Monday, May. 29, 1978

Stories about tempestuous events and controversial issues bring us lots of mail. The responses are sometimes angry, sometimes supportive, but almost always serious. Lately, however, we have had a number of letters from women in something of a lighter vein. After Senior Writer Lance Morrow wrote the Essay "In Praise of Older Women" (TIME, April 24), he was inundated with notes thanking him for his encouraging insights. But other readers suggested that his double standard was showing. "Since when would men in their 30s be considered older men?" queried one. A young girl had a special complaint. "When I was two, it was terribly fashionable to be a teenager. Now that I'm a teenager, anyone under 30 is considered immature. Will I forever be at the mercy of the demographic bulge?"

In the same issue, an Education story about a limerick contest staged by Connecticut's Mohegan Community College ("A Rich Orgy of Witty Ditties") brought in a batch of limericks in reply. Some readers claimed that the contest limericks did not scan.
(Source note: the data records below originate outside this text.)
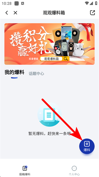 4、需要點擊頁面右下角的爆料按鈕,即可開始投稿的操作。
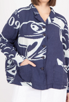 Loose-fit linen jacket with a button-up front, classic collar, and full-length sleeves with button cuffs. Features two front patch pockets.
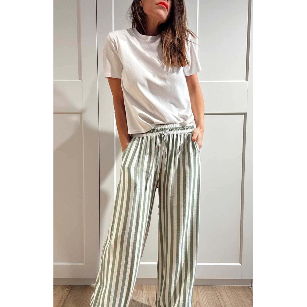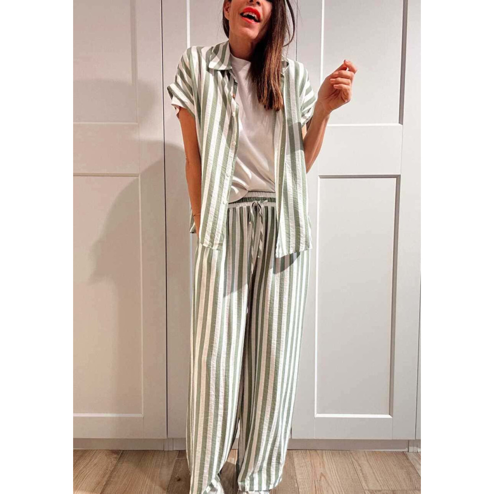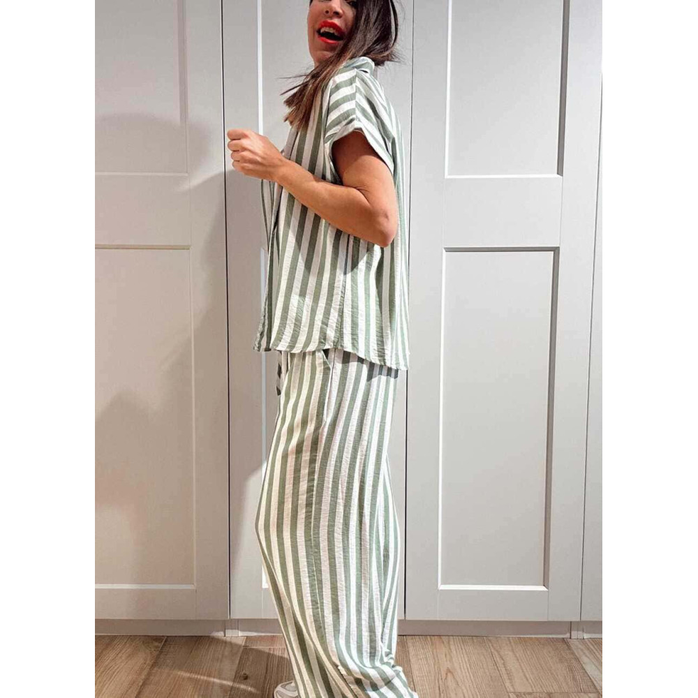 Conjunto dos piezas estilo pijamero confeccionado en viscosa con mezcla de lino y estampado de rayas verde/blanco. Puedes llevarlo junto o por separado... ¡¡tú eliges!! ❤
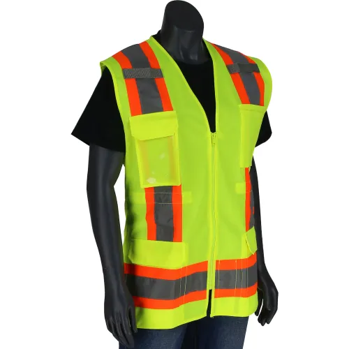 Pip® Contoured Surveyors Vest w/ Solid Front & Mesh Back, Class 2, M, Hi-Vis Yellow
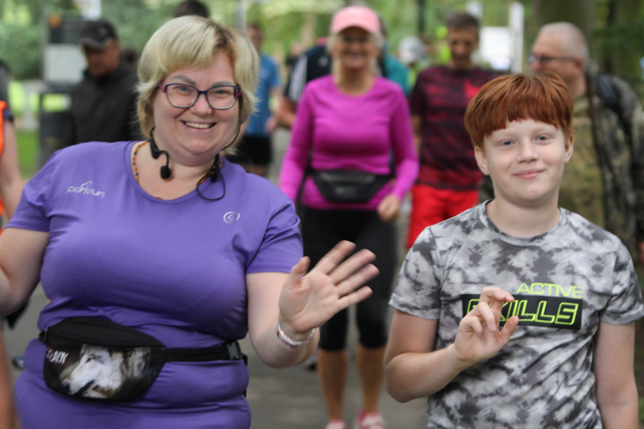 Po sygnale do startu koordynatora 304. parkrunu Arkadiusza Drzewieckiego biegacze, chodziarze oraz nasi czworonożni przyjaciele wypełnili alejki parku. Na trasie przy fontannach Agnieszka Drzewiecka wskazała drogę, potem na wysokości szpitala Aneta Burnat – Szczęsna, aby w okolicach kuźni nie pobłądzić Tadeusz Olszyk naprowadzał uczestników parkrunu w odpowiednią dróżkę.
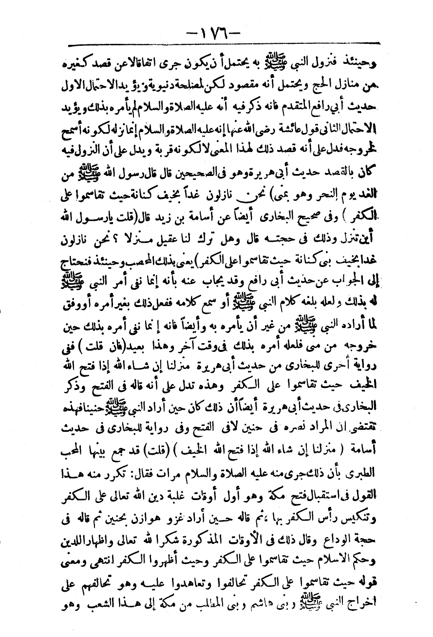 ـــــــــــــــــــــــــــــQوَحِينَئِذٍ فَنُزُولُ النَّبِيِّ - صَلَّى اللَّهُ عَلَيْهِ وَسَلَّمَ - بِهِ يَحْتَمِلُ أَنْ يَكُونَ جَرَى اتِّفَاقًا لَا عَنْ قَصْدٍ كَغَيْرِهِ مِنْ مَنَازِلِ الْحَجِّ وَيَحْتَمِلُ أَنَّهُ مَقْصُودٌ لَكِنْ لِمَصْلَحَةٍ دُنْيَوِيَّةٍ وَيُؤَيِّدُ الِاحْتِمَالَ الْأَوَّلَ حَدِيثُ أَبِي رَافِعٍ الْمُتَقَدِّمُ فَإِنَّهُ ذَكَرَ فِيهِ أَنَّهُ - عَلَيْهِ الصَّلَاةُ وَالسَّلَامُ - لَمْ يَأْمُرْهُ بِذَلِكَ وَيُؤَيِّدُ الِاحْتِمَالَ الثَّانِيَ قَوْلُ عَائِشَةَ - رَضِيَ اللَّهُ عَنْهَا - إنَّهُ - عَلَيْهِ الصَّلَاةُ وَالسَّلَامُ - إنَّمَا نَزَلَهُ لِكَوْنِهِ أَسْمَحَ لِخُرُوجِهِ فَدَلَّ عَلَى أَنَّهُ قَصَدَ ذَلِكَ لِهَذَا الْمَعْنَى لَا لِكَوْنِهِ قُرْبَةً وَيَدُلُّ عَلَى أَنَّ النُّزُولَ فِيهِ كَانَ بِالْقَصْدِ حَدِيثُ أَبِي هُرَيْرَةَ وَهُوَ فِي الصَّحِيحَيْنِ قَالَ قَالَ رَسُولُ اللَّهِ - صَلَّى اللَّهُ عَلَيْهِ وَسَلَّمَ - «مِنْ الْغَدِ يَوْمَ النَّحْرِ وَهُوَ بِمِنًى نَحْنُ نَازِلُونَ غَدًا بِخَيْفِ كِنَانَةَ حَيْثُ تَقَاسَمُوا عَلَى الْكُفْرِ» ، وَفِي صَحِيحِ الْبُخَارِيِّ أَيْضًا عَنْ أُسَامَةَ بْنِ زَيْدٍ قَالَ «قُلْت يَا رَسُولَ اللَّهِ أَيْنَ تَنْزِلُ وَذَلِكَ فِي حَجَّتِهِ قَالَ وَهَلْ تَرَكَ لَنَا عَقِيلٌ مُنْزَلًا؟ نَحْنُ نَازِلُونَ غَدًا بِخَيْفِ بَنِي كِنَانَةَ حَيْثُ تَقَاسَمُوا عَلَى الْكُفْرِ» يَعْنِي بِذَلِكَ الْمُحَصَّبَ وَحِينَئِذٍ فَنَحْتَاجُ إلَى الْجَوَابِ عَنْ حَدِيثِ أَبِي رَافِعٍ وَقَدْ يُجَابُ عَنْهُ بِأَنَّهُ إنَّمَا نَفَى أَمْرَ النَّبِيِّ - صَلَّى اللَّهُ عَلَيْهِ وَسَلَّمَ - لَهُ بِذَلِكَ وَلَعَلَّهُ بَلَغَهُ كَلَامُ النَّبِيِّ - صَلَّى اللَّهُ عَلَيْهِ وَسَلَّمَ - أَوْ سَمِعَ كَلَامَهُ فَفَعَلَ ذَلِكَ بِغَيْرِ أَمْرِهِ أَوْ وُفِّقَ لِمَا أَرَادَهُ النَّبِيُّ - صَلَّى اللَّهُ عَلَيْهِ وَسَلَّمَ - مِنْ غَيْرِ أَنْ يَأْمُرَهُ بِهِ وَأَيْضًا فَإِنَّهُ إنَّمَا نَفَى أَمْرَهُ بِذَلِكَ حِينَ خُرُوجِهِ مِنْ مِنًى فَلَعَلَّهُ أَمَرَهُ بِذَلِكَ فِي وَقْتٍ آخَرَ وَهَذَا بَعِيدٌ (فَإِنْ قُلْت) فَفِي رِوَايَةٍ أُخْرَى لِلْبُخَارِيِّ مِنْ حَدِيثِ أَبِي هُرَيْرَةَ «مُنْزَلُنَا إنْ شَاءَ اللَّهُ إذَا فَتَحَ اللَّهُ الْخَيْفَ حَيْثُ تَقَاسَمُوا عَلَى الْكُفْرِ» وَهَذِهِ تَدُلُّ عَلَى أَنَّهُ قَالَهُ فِي الْفَتْحِ وَذَكَرَ الْبُخَارِيُّ فِي حَدِيثِ أَبِي هُرَيْرَةَ أَيْضًا أَنَّ ذَلِكَ كَانَ حِينَ أَرَادَ النَّبِيُّ - صَلَّى اللَّهُ عَلَيْهِ وَسَلَّمَ - حُنَيْنًا فَهَذِهِ تَقْتَضِي أَنَّ الْمُرَادَ نَصْرُهُ فِي حُنَيْنٍ لَا فِي الْفَتْحِ وَفِي رِوَايَةٍ لِلْبُخَارِيِّ فِي حَدِيثِ أُسَامَةَ «مُنْزَلُنَا إنْ شَاءَ اللَّهُ إذَا فَتَحَ اللَّهُ الْخَيْفَ» (قُلْت) قَدْ جَمَعَ بَيْنَهَا الْمُحِبُّ الطَّبَرِيُّ بِأَنَّ ذَلِكَ جَرَى مِنْهُ - عَلَيْهِ الصَّلَاةُ وَالسَّلَامُ - مَرَّاتٍ فَقَالَ: تَكَرَّرَ مِنْهُ هَذَا الْقَوْلُ فِي اسْتِقْبَالِ فَتْحِ مَكَّةَ وَهُوَ أَوَّلُ أَوْقَاتِ غَلَبَةِ دِينِ اللَّهِ تَعَالَى عَلَى الْكُفْرِ وَتَنْكِيسِ رَأْسِ الْكُفْرِ بِهَا، ثُمَّ قَالَهُ حِينَ أَرَادَ غَزْوَ هَوَازِنَ بِحُنَيْنٍ ثُمَّ قَالَهُ فِي حَجَّةِ الْوَدَاعِ وَقَالَ ذَلِكَ فِي الْأَوْقَاتِ الْمَذْكُورَةِ شُكْرًا لِلَّهِ تَعَالَى وَإِظْهَارًا لِلدِّينِ وَحُكْمُ الْإِسْلَامِ حَيْثُ تَقَاسَمُوا عَلَى الْكُفْرِ وَحَيْثُ أَظْهَرُوا الْكُفْرَ انْتَهَى وَمَعْنَى قَوْلِهِ حَيْثُ تَقَاسَمُوا عَلَى الْكُفْرِ تَحَالَفُوا وَتَعَاهَدُوا عَلَيْهِ وَهُوَ تَحَالُفُهُمْ عَلَى إخْرَاجِ النَّبِيِّ - صَلَّى اللَّهُ عَلَيْهِ وَسَلَّمَ - وَبَنِي هَاشِمٍ 
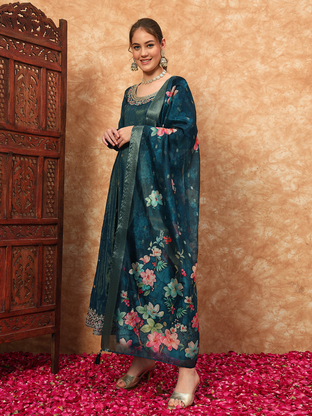 Women's Embroidered Silk Kurta, Pyjama & Dupatta Set
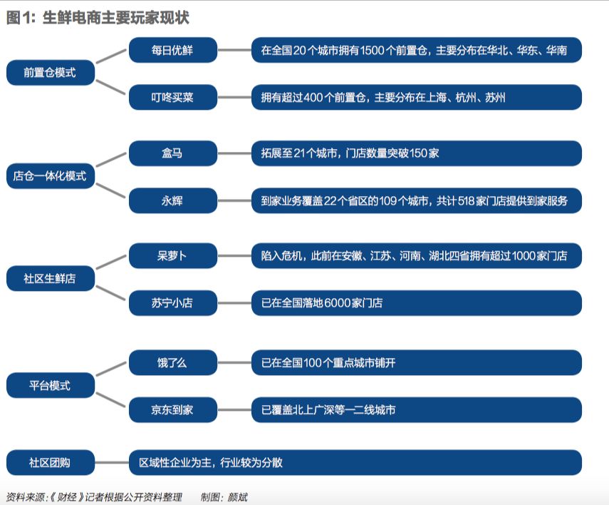 目前市面上的生鲜电商主要有四种模式,分别为社区生鲜店、社区团购、前置仓模式和店仓一体化模式,此外还有饿了么、京东到家等平台,虽不直接经营生鲜品,但吸纳了不少线下生鲜店甚至菜市场摊主,提供引流和配送服务。
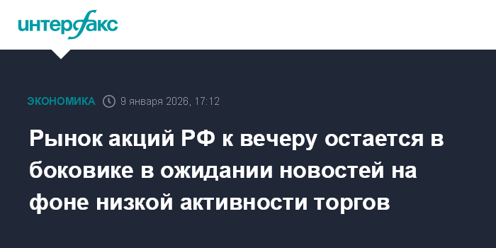 Рынок акций РФ к вечеру остается в боковике в ожидании новостей на фоне низкой активности торгов
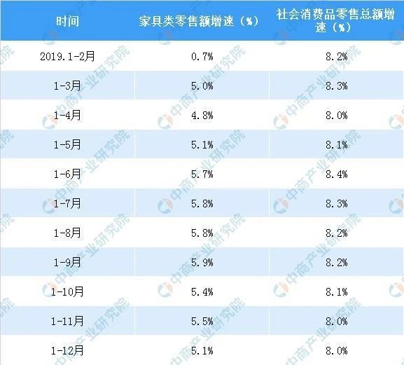 2019年,社会消费品零售总额411649亿元,比上年名义增长8.0%。从增速来看,2019年全国家具类零售额同比增长5.1%,低于同期社会消费品零售额2.9个百分点。
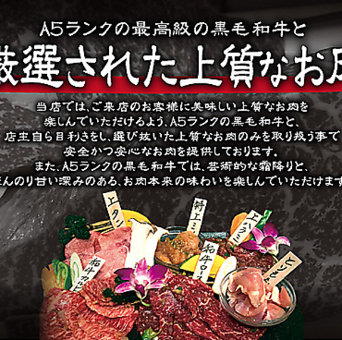 当店では、ご来店のお客様に美味しい上質なお肉を楽しんでいただけるよう、A5ランクの黒毛和牛と、店主自ら目利きをし、選びぬいた上質なお肉のみを取り扱う事で安全かつ安心なお肉を提供しております。また、A5ランクの黒毛和牛では、芸術的な霜降りと、ほんの甘い深みのある、お肉本来の味わいを楽しんでいただけます。

But most scolded Limerick Judge Isaac Asimov for his assertion that in limerick writing, "women tend to be dirtier but less clever than men." Countered Reader Margaret Mitchell Dukore of Kaneohe, Hawaii:

You say women tend to be "dirty "

More vulgar, less witty (and flirty?)

Well, I'd like to say

To you males (if I may)

You are a tad bit too stuff shirty!

June Gooderham of West Vancouver, B.C., was more severe:

Asimov was a science professor

Who judged women 's rhymes were the lesser

He outraged women 's lib

By telling this fib

And now he must face his confessor.

Asimov, when confronted with the deluge of verses he had caused to descend on us, composed a somewhat conciliatory retort of his own.

Are the women in all things less bright?

I assure you I don 't think that's right.

It's just comic verse

In which they seem worse.

In all else, they are pure dynamite.